Sounds stupid right? That’s because it is. No company has every had a successful strategy like that.
“Now Matt” you might be saying, “What about smart phones or the internet? Those were tools too and lots of companies had successful web-first or mobile-first strategies.” That’s true, but there’s a key difference here (at least in terms of how companies are currently thinking about AI). Those technologies fundamentally changes how customers interacted with businesses. Being a “web-first” or “mobile-first” company didnt mean “we’re going to use the web/mobile inside the company to make things faster”. It meant “customers and the world are large are changing their behavior. We’re going to structure our whole business around that new behavior.” Building an internal coding agent changes nothing for your customers other than your bad ideas get in front of them faster.
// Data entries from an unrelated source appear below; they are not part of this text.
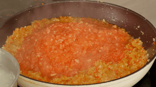 Add finely chopped garlic and hot pepper. Sauté for 5 minutes, then add peeled chopped tomatoes and sauté for another 5 minutes.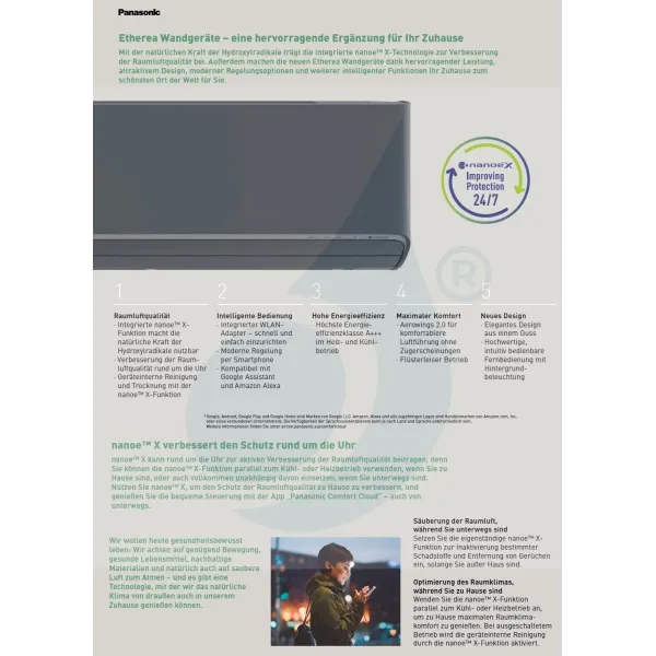 Mit der Etherea-Serie wird ein neues Nanoe X-Filtrations- und Reinigungssystem eingeführt, das mithilfe der Nanotechnologie 99% der in der Luft befindlichen oder klebenden Verunreinigungen wie Bakterien, Viren und Schimmelpilze entfernt und neutralisiert. Ideal für diejenigen, die in der Nähe von belebten Bereichen, Produktionsbereichen oder einfach für diejenigen leben, die auf die Qualität der Luft achten, die sie atmen!Zusätzlich gibt es die Mild Dry Cooling-Funktion, die ein schnelles Absenken der Umgebungsfeuchtigkeit verhindert.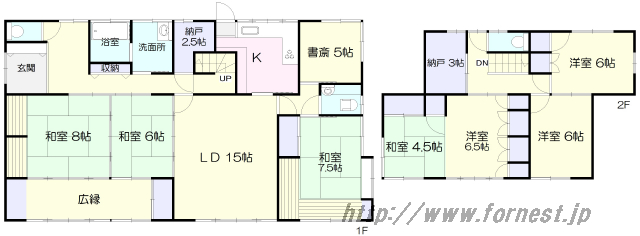 (1階)和6、(1階)和7.5、(1階)和8、(1階)書斎5、(1階)LD15、(1階)K、(1階)納戸2.5、(2階)和4.5、(2階)洋6、(2階)洋6、(2階)洋6.5、(2階)納戸3 |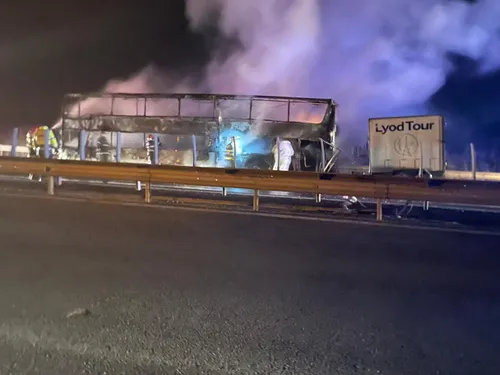 Potrivit sursei citate, autocarul care venea din Franţa a ars în totalitate, din cauza unui scurtcircuit electric.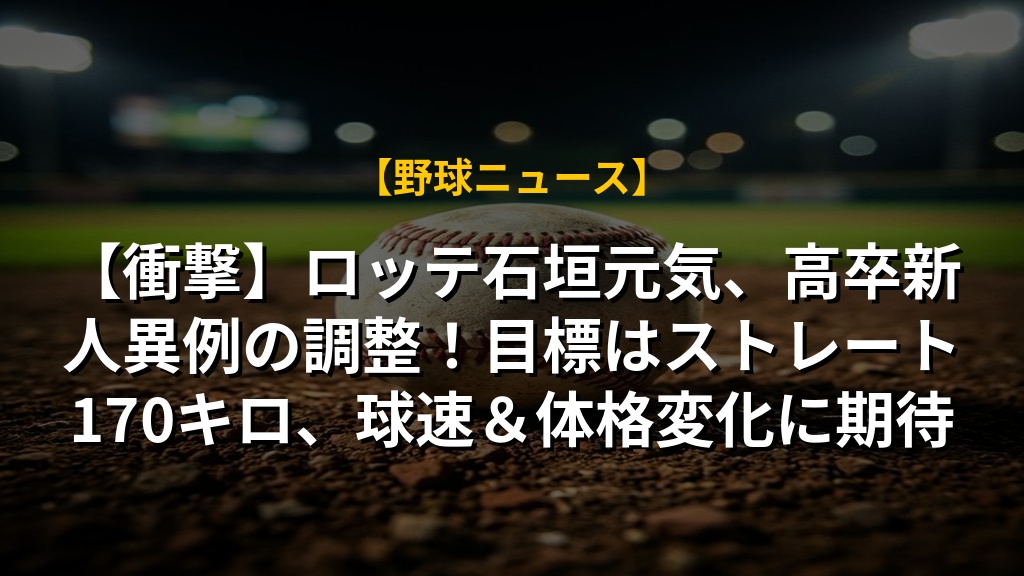 【衝撃】ロッテ石垣元気、高卒新人異例の調整!目標はストレート170キロ、球速&体格変化に期待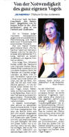 ... Brutalität, Ziellosigkeit und menschliche Leere bestimmen das Leben der Figuren in Theresia Walsers gleichnamigen Stück. ..... Die Frage nach der Ähnlichkeit mit sich selbst hat das Stück für die Schauspielgruppe attraktiv gemacht.... Trotz aller Grausamkeit gelingt es ihnen aber auch, den makaberen Witz des Stückes lebendig werden zu lassen. Schwarzer Humor sickert in die Reihen und bleibt als Lachen im Halse stecken.... MZ: 09.11.08 Christian Kiel
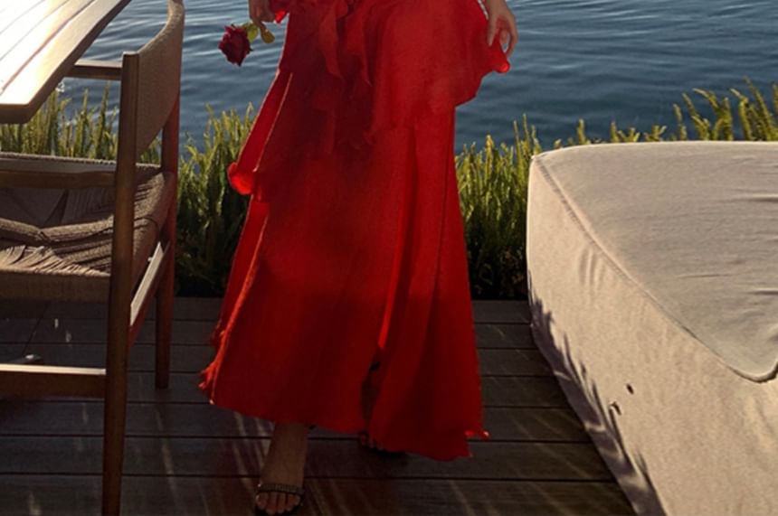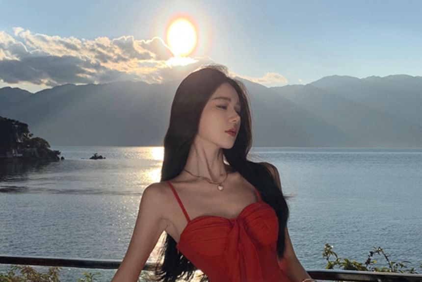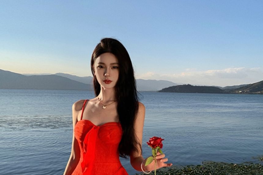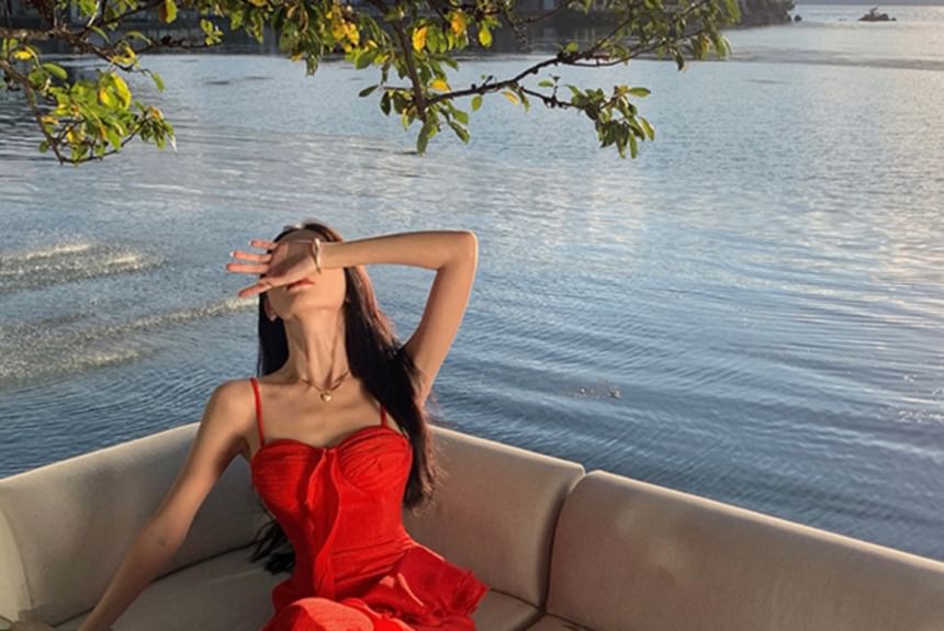 Spaghetti Strap Plain Ruffle Tiered Slit Maxi A-Line Dress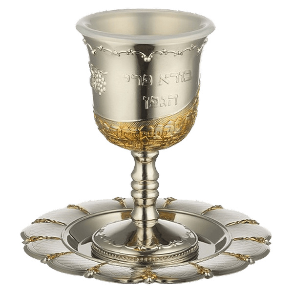 שדרגו את רגע הקידוש עם גביעים המשלבים מתכת איכותית בגימור ניקל מבריק,נגיעות זהב מלכותיות ועיטורים מלאי משמעות.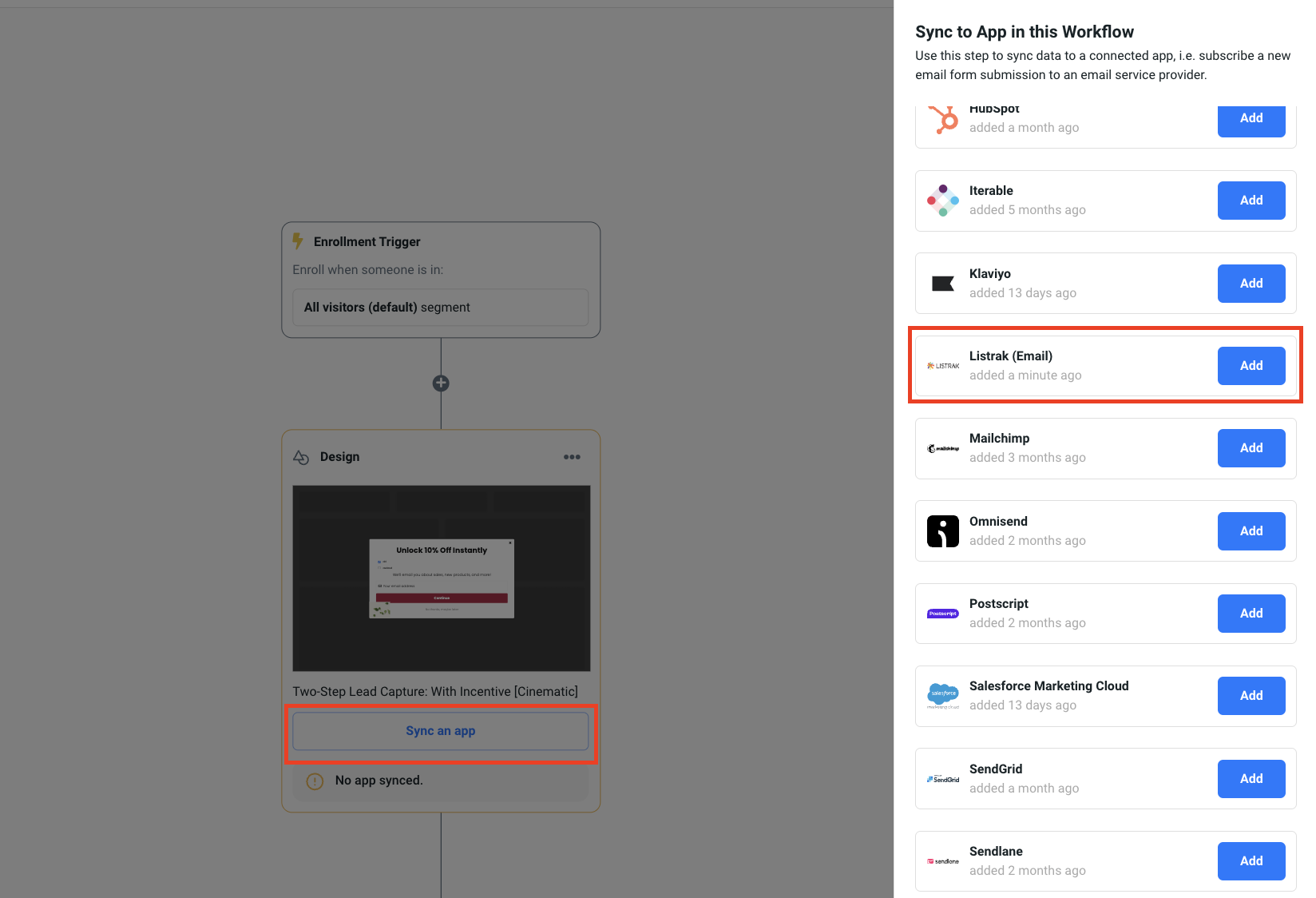 Now to the workflow. In the design step of the workflow, select the Sync to App option. In the side menu, find the Listrak app and click on Add.

Mistake 2 — Trying to be someone you’re not
This mistake is again, not unique to AI, but it’s especially common here. Every company seems to be trying to build a coding agent or chatbot or an AI plugin for a tool they already use. And oftentimes, they may get some traction but one week after launch, claude code releases the same feature under your existing license but its 10 times better.
So here’s what I would ask these companies:
Are you Anthropic? Or Google? or OpenAI? No? Then why in god’s name are you trying to compete with them?
An insurance company will never make a better coding agent than OpenAI. A bank will never make a better chatbot than Anthropic. A retailer will never make a better AI plugin for Shopify than Shopify. So why are you trying to do those things? You didn’t build your own Excel or Salesfore or Slack. There is plenty of stuff that you probably ARE good at that Anthropic is not. Focus on what’s unique to you, ignore the rest.
Mistake 3 — The pilot graveyard
This is the most common mistake of all. Every company has a pilot graveyard. They have a hundres of projects that they started but never finished. They launched a chatbot for internal use but its easier just to ask copilot. They built a custom agent to automate some process but it was easier just to do it manually. They built an AI plugin for their CRM but the off-the-shelf one is good enough. Fundamentally, this is a lack of true product management. They weren’t solving the right problem, or they weren’t solving it in the right way, or they have no way of measuring success.
Here’s the reality: for any new technology (and even old ones), most of the projects you start will fail. That’s just how the world works. We are usually wrong. We have bad ideas. We made a wrong assumption. As Rafiki would say, “You can either run from it, or learn from it.” The risk here is not failing. Its that your failures are expensive and slow. You need to assume that most projects will fail and so you should do a LOT of them as quickly as possible and not bet the farm on any one of them.
One way I’ve seen this go wrong is when there is a lengthy gatekeeping proces for a new idea. You have to submit an intake. That intake gets reviwed by 3 layers of management. Your project gets weighed against the 50 other submissions (only 10 of which will be approved). Then 6 months later, you finally get access to the model API’s you need. By that time, one of two things has happened: either your realize pretty quickly that your idea won’t work or its not worth doing OR you idea is not obsolete (especially common now with the pace of llm model development). In either case, you just wasted 6 months and probably millions of dollars when you account for all the people involved.
So what to do instead? Instead of spending time on processes and governance, spend time on platforms and tooling. Make it easy for anyone to get access to the tools (in a controlled way) and test out ideas. Make it easy to measure the impact of those ideas. Make it easy to kill the bad ones and double down on the good ones. The faster you can do that, the more likely you are to find a few winners and the less money you will waste on losers.